● TO DO: All records are to be restated word for word, with pictures excluded.

● PROVIDED RECORDS:

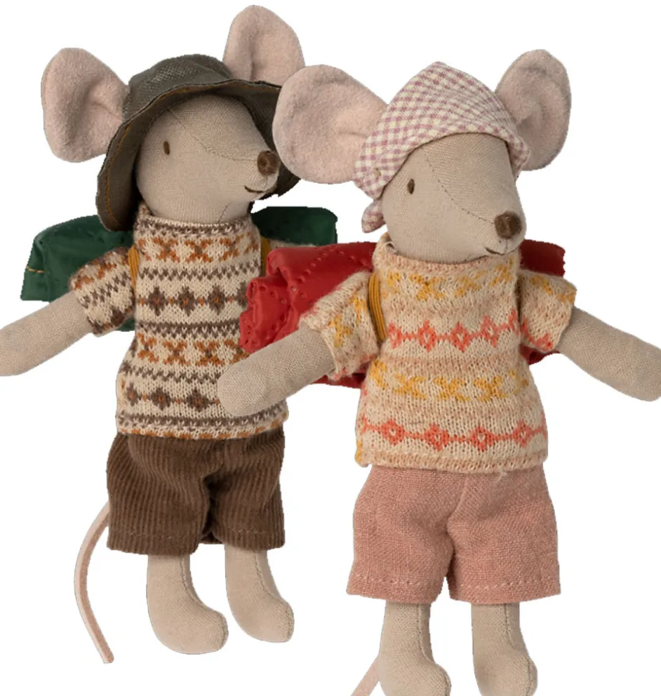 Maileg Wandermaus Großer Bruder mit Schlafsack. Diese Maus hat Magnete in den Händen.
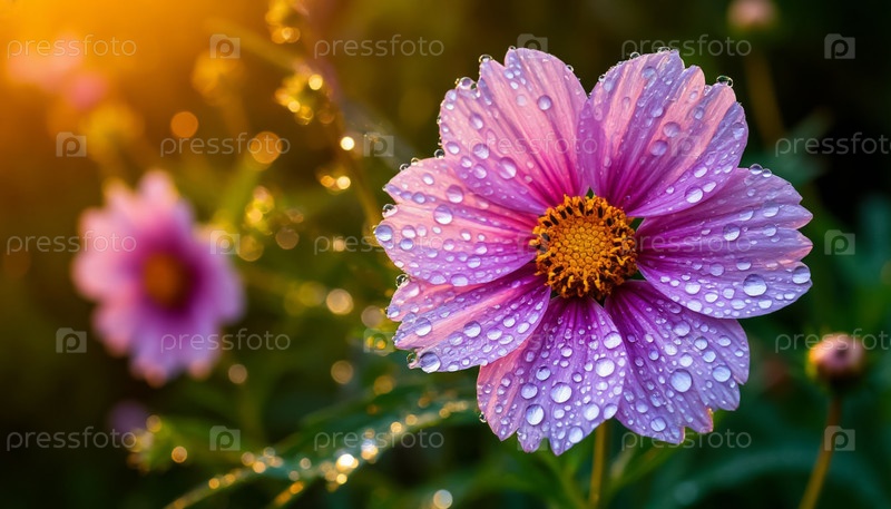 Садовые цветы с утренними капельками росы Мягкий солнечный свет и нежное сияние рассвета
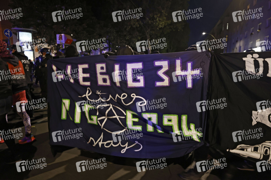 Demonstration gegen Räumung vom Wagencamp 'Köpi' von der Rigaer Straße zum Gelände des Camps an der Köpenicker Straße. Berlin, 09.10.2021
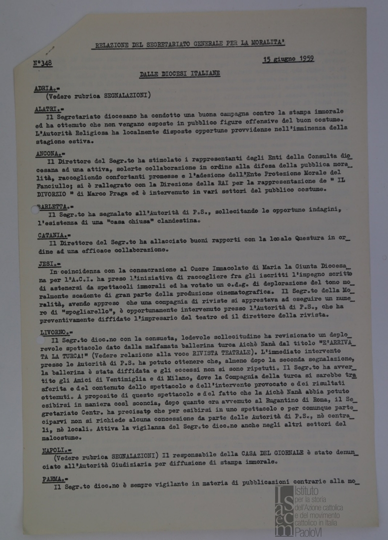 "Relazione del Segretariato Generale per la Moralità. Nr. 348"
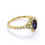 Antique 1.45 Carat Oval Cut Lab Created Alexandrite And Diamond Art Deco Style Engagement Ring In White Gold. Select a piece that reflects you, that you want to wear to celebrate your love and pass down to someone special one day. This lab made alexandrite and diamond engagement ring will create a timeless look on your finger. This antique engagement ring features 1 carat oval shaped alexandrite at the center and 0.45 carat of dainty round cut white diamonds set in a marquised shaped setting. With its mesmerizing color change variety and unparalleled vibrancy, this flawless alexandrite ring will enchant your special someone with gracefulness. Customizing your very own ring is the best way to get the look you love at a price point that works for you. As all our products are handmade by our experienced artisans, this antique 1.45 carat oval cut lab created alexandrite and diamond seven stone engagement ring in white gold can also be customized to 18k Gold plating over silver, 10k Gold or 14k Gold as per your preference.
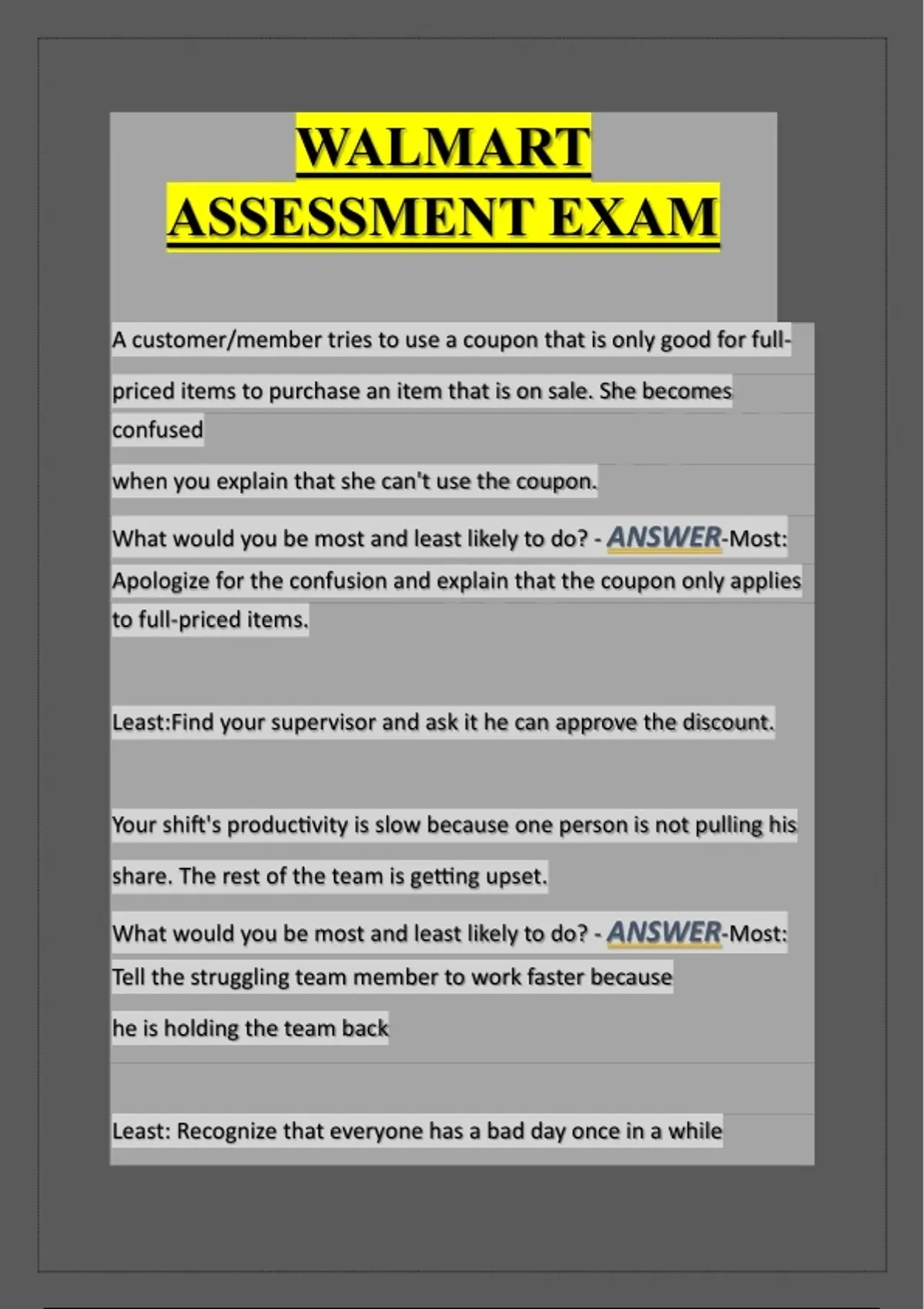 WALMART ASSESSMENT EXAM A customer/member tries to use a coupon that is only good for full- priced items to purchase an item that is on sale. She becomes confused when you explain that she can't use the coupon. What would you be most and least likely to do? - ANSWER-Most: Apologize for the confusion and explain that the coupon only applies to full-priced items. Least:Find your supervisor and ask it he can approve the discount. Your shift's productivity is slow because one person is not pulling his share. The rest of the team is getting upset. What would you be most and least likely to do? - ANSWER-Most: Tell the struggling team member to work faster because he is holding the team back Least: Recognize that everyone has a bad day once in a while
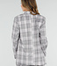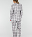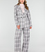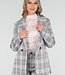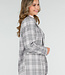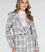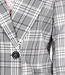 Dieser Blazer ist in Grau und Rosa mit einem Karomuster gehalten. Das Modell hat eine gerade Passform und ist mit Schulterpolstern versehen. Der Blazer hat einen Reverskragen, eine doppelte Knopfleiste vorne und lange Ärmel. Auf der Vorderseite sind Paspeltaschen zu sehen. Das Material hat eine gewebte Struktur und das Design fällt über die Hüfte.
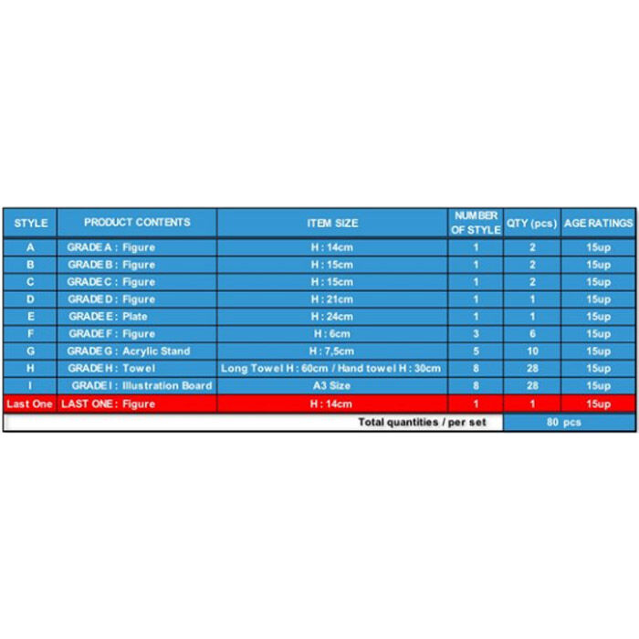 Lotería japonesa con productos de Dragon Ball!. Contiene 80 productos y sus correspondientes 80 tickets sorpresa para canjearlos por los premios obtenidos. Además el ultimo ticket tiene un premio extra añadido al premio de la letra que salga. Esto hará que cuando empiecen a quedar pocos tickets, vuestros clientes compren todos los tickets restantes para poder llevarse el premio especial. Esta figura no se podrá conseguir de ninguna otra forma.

● SOLUTION BELOW:
 Maileg Wandermaus Großer Bruder mit Schlafsack. Diese Maus hat Magnete in den Händen.
 Садовые цветы с утренними капельками росы Мягкий солнечный свет и нежное сияние рассвета
 Demonstration gegen Räumung vom Wagencamp 'Köpi' von der Rigaer Straße zum Gelände des Camps an der Köpenicker Straße. Berlin, 09.10.2021
 "Relazione del Segretariato Generale per la Moralità. Nr. 348"
 Antique 1.45 Carat Oval Cut Lab Created Alexandrite And Diamond Art Deco Style Engagement Ring In White Gold. Select a piece that reflects you, that you want to wear to celebrate your love and pass down to someone special one day. This lab made alexandrite and diamond engagement ring will create a timeless look on your finger. This antique engagement ring features 1 carat oval shaped alexandrite at the center and 0.45 carat of dainty round cut white diamonds set in a marquised shaped setting. With its mesmerizing color change variety and unparalleled vibrancy, this flawless alexandrite ring will enchant your special someone with gracefulness. Customizing your very own ring is the best way to get the look you love at a price point that works for you. As all our products are handmade by our experienced artisans, this antique 1.45 carat oval cut lab created alexandrite and diamond seven stone engagement ring in white gold can also be customized to 18k Gold plating over silver, 10k Gold or 14k Gold as per your preference.
 WALMART ASSESSMENT EXAM A customer/member tries to use a coupon that is only good for full- priced items to purchase an item that is on sale. She becomes confused when you explain that she can't use the coupon. What would you be most and least likely to do? - ANSWER-Most: Apologize for the confusion and explain that the coupon only applies to full-priced items. Least:Find your supervisor and ask it he can approve the discount. Your shift's productivity is slow because one person is not pulling his share. The rest of the team is getting upset. What would you be most and least likely to do? - ANSWER-Most: Tell the struggling team member to work faster because he is holding the team back Least: Recognize that everyone has a bad day once in a while
 Dieser Blazer ist in Grau und Rosa mit einem Karomuster gehalten. Das Modell hat eine gerade Passform und ist mit Schulterpolstern versehen. Der Blazer hat einen Reverskragen, eine doppelte Knopfleiste vorne und lange Ärmel. Auf der Vorderseite sind Paspeltaschen zu sehen. Das Material hat eine gewebte Struktur und das Design fällt über die Hüfte.
 Lotería japonesa con productos de Dragon Ball!. Contiene 80 productos y sus correspondientes 80 tickets sorpresa para canjearlos por los premios obtenidos. Además el ultimo ticket tiene un premio extra añadido al premio de la letra que salga. Esto hará que cuando empiecen a quedar pocos tickets, vuestros clientes compren todos los tickets restantes para poder llevarse el premio especial. Esta figura no se podrá conseguir de ninguna otra forma.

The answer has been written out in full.